- Data block:

Start of Block

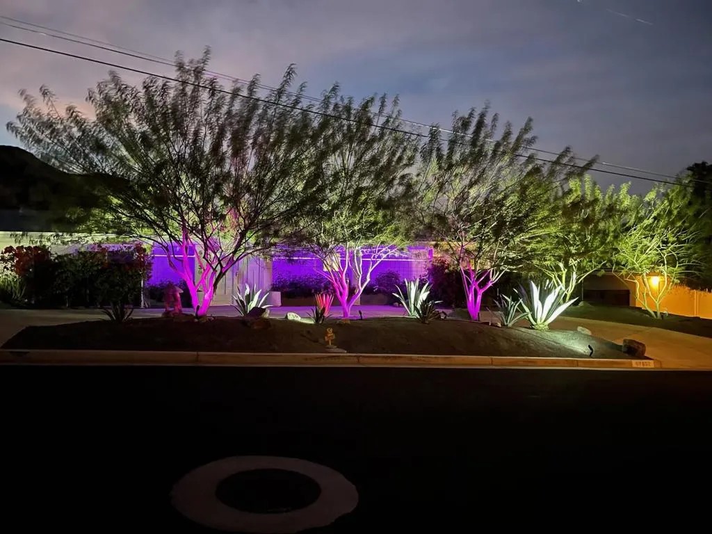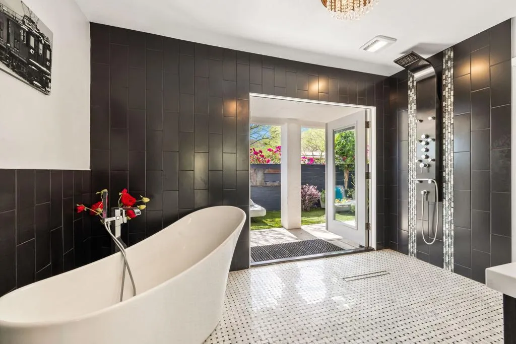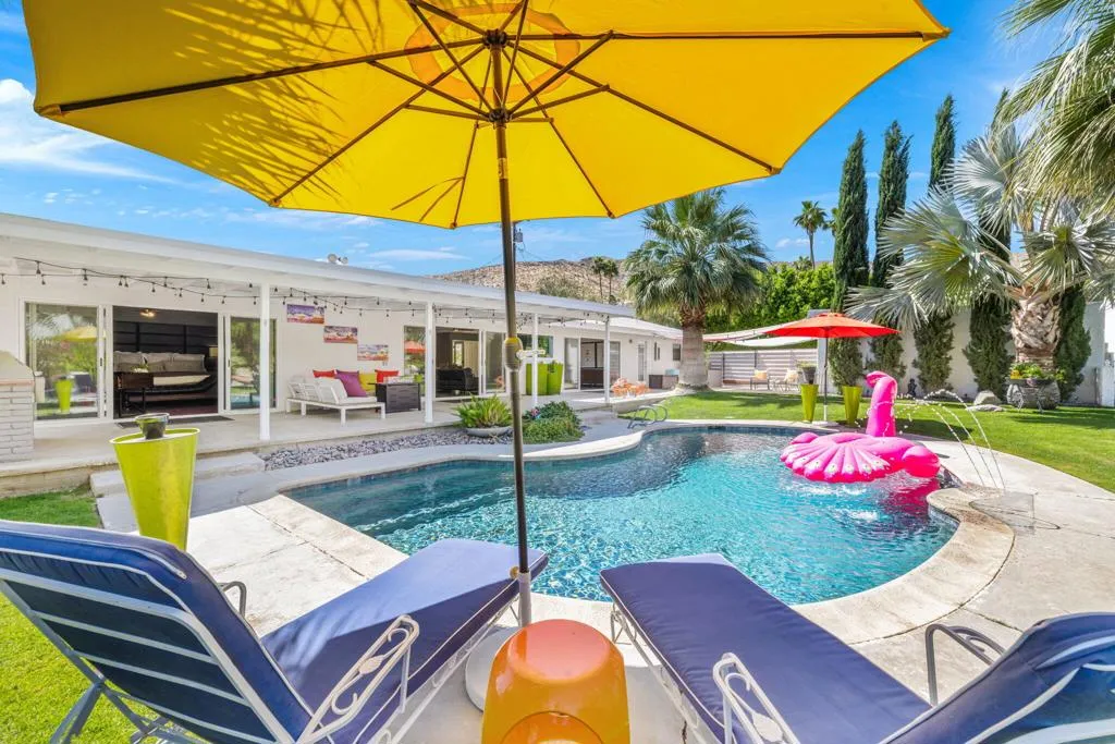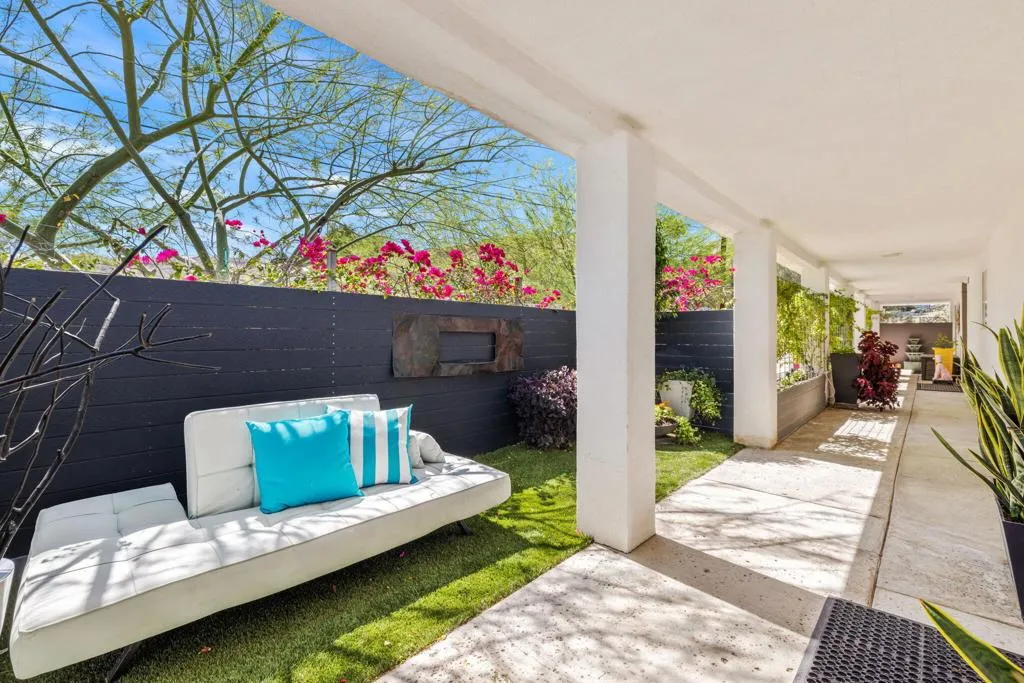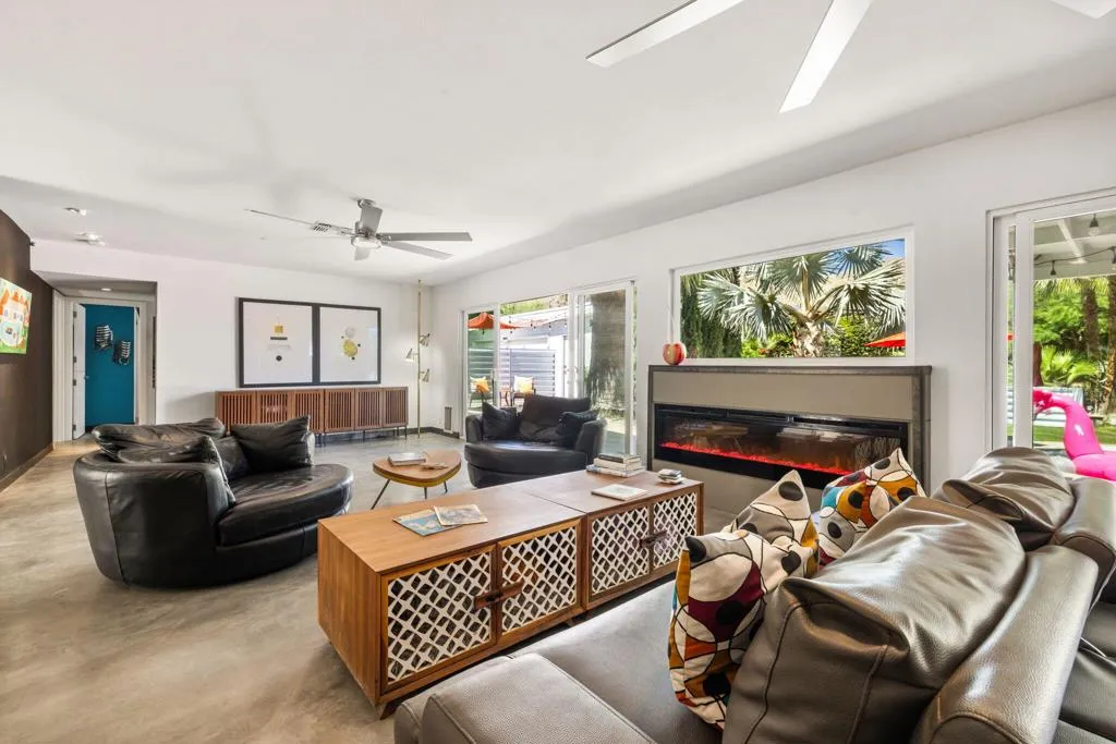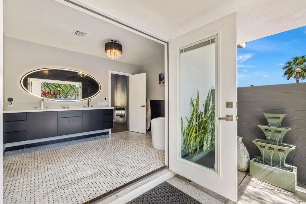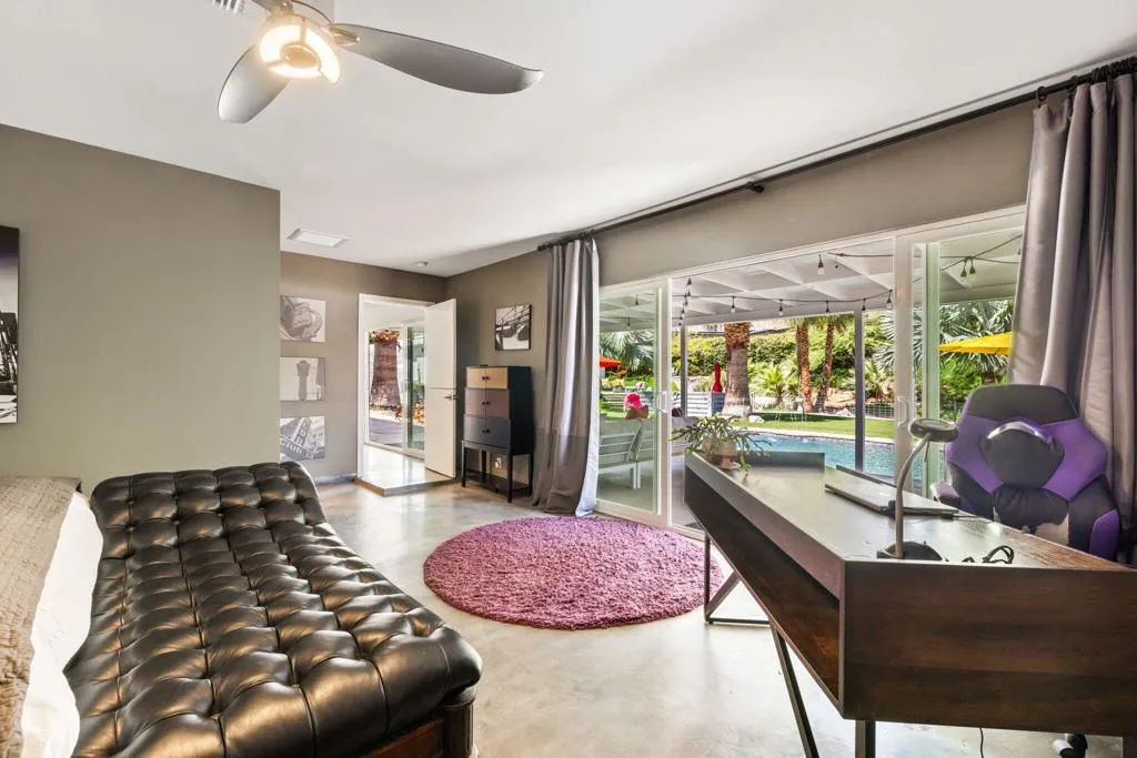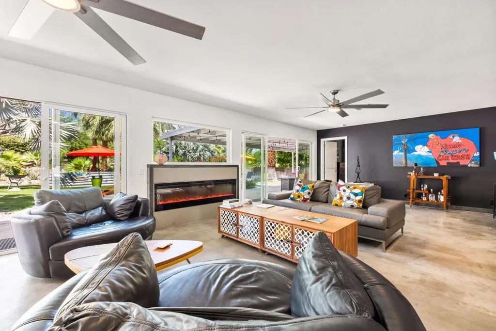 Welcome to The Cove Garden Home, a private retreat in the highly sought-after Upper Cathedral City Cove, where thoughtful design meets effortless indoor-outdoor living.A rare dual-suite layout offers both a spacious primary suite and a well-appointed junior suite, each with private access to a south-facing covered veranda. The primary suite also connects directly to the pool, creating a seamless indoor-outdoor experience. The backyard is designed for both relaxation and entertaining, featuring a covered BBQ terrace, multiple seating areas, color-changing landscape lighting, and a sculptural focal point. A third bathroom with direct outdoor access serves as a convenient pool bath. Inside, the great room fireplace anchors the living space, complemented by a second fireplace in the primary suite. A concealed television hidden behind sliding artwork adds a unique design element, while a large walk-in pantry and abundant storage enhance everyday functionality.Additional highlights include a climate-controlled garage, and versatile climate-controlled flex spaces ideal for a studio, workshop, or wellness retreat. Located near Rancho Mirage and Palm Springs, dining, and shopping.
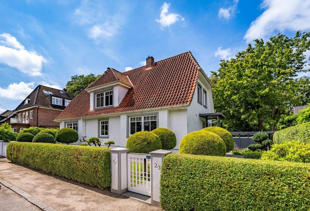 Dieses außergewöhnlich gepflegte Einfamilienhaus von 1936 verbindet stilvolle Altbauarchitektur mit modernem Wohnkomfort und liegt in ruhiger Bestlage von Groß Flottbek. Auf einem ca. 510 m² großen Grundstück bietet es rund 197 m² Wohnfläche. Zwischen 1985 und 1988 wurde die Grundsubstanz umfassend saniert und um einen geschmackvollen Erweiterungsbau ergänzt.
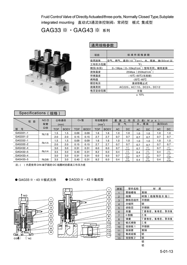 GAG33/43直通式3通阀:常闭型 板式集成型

End of Block

- Exercise goal:
Print the entire listing precisely as written, omitting the images it holds.

- Solution for this task:
 Welcome to The Cove Garden Home, a private retreat in the highly sought-after Upper Cathedral City Cove, where thoughtful design meets effortless indoor-outdoor living.A rare dual-suite layout offers both a spacious primary suite and a well-appointed junior suite, each with private access to a south-facing covered veranda. The primary suite also connects directly to the pool, creating a seamless indoor-outdoor experience. The backyard is designed for both relaxation and entertaining, featuring a covered BBQ terrace, multiple seating areas, color-changing landscape lighting, and a sculptural focal point. A third bathroom with direct outdoor access serves as a convenient pool bath. Inside, the great room fireplace anchors the living space, complemented by a second fireplace in the primary suite. A concealed television hidden behind sliding artwork adds a unique design element, while a large walk-in pantry and abundant storage enhance everyday functionality.Additional highlights include a climate-controlled garage, and versatile climate-controlled flex spaces ideal for a studio, workshop, or wellness retreat. Located near Rancho Mirage and Palm Springs, dining, and shopping.
 Dieses außergewöhnlich gepflegte Einfamilienhaus von 1936 verbindet stilvolle Altbauarchitektur mit modernem Wohnkomfort und liegt in ruhiger Bestlage von Groß Flottbek. Auf einem ca. 510 m² großen Grundstück bietet es rund 197 m² Wohnfläche. Zwischen 1985 und 1988 wurde die Grundsubstanz umfassend saniert und um einen geschmackvollen Erweiterungsbau ergänzt.
 GAG33/43直通式3通阀:常闭型 板式集成型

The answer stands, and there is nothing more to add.